How does SQL Server decide where to look first when executing a query? The answer lies in the structure of your indexes. Learn how the sequence of key columns can optimize your data retrieval, making your database faster and more responsive.
Understanding how B+ index seeks work in SQL Server is crucial for determining the best order of key columns. When an index has more than one key column, the database engine tries to efficiently locate and retrieve the desired data.

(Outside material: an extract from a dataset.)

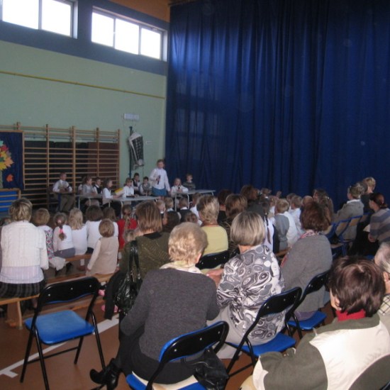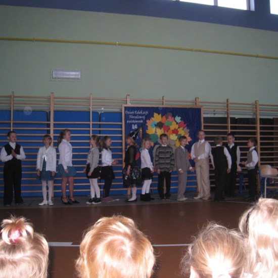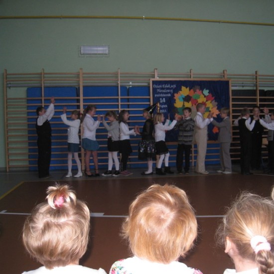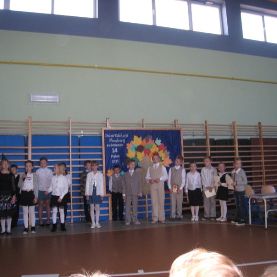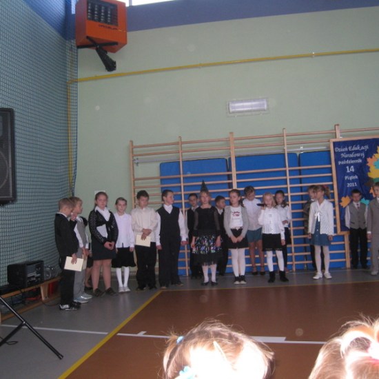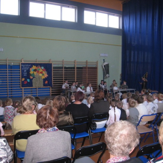W Dzień Nauczyciela otwieraliśmy plac zabaw. Następnie na sali gimnastycznej przedstawialiśmy scenkę z życia szkoły, śpiewaliśmy piosenki i składaliśmy życzenia naszym paniom i wszystkim pracownikom szkoły. Na uroczystości gościliśmy również byłych pracowników- emerytów, przedstawicieli Rady Rodziców oraz Wójta gminy Kościan. Atmosfera była wspaniała.

Seek Predicate: This is the condition applied during the index seek operation. For optimal performance, the leading key columns in the index should align with the columns specified in the equality conditions of the query’s WHERE clause. The index seek predicate is instrumental in narrowing down the data set, making subsequent operations more efficient.
Seek Predicate (Multi-Column): When more than one column is being filtered as part of an Index Seek operation, it works as a “nested” B+ tree. In other words, once the seek on the first key column is done (i.e. the requested value is found), “under” that one value you would find another “sub-tree” for the next column in line.
Predicate (Leaf-Level): After the index seek, the leaf-level predicate comes into play. This involves additional conditions, such as inequalities, ranges, or additional filters, applied to the retrieved rows. However, these conditions are evaluated at the leaf level of the index structure. To minimize the impact of the leaf-level predicate, consider the order of columns used in range conditions or inequalities.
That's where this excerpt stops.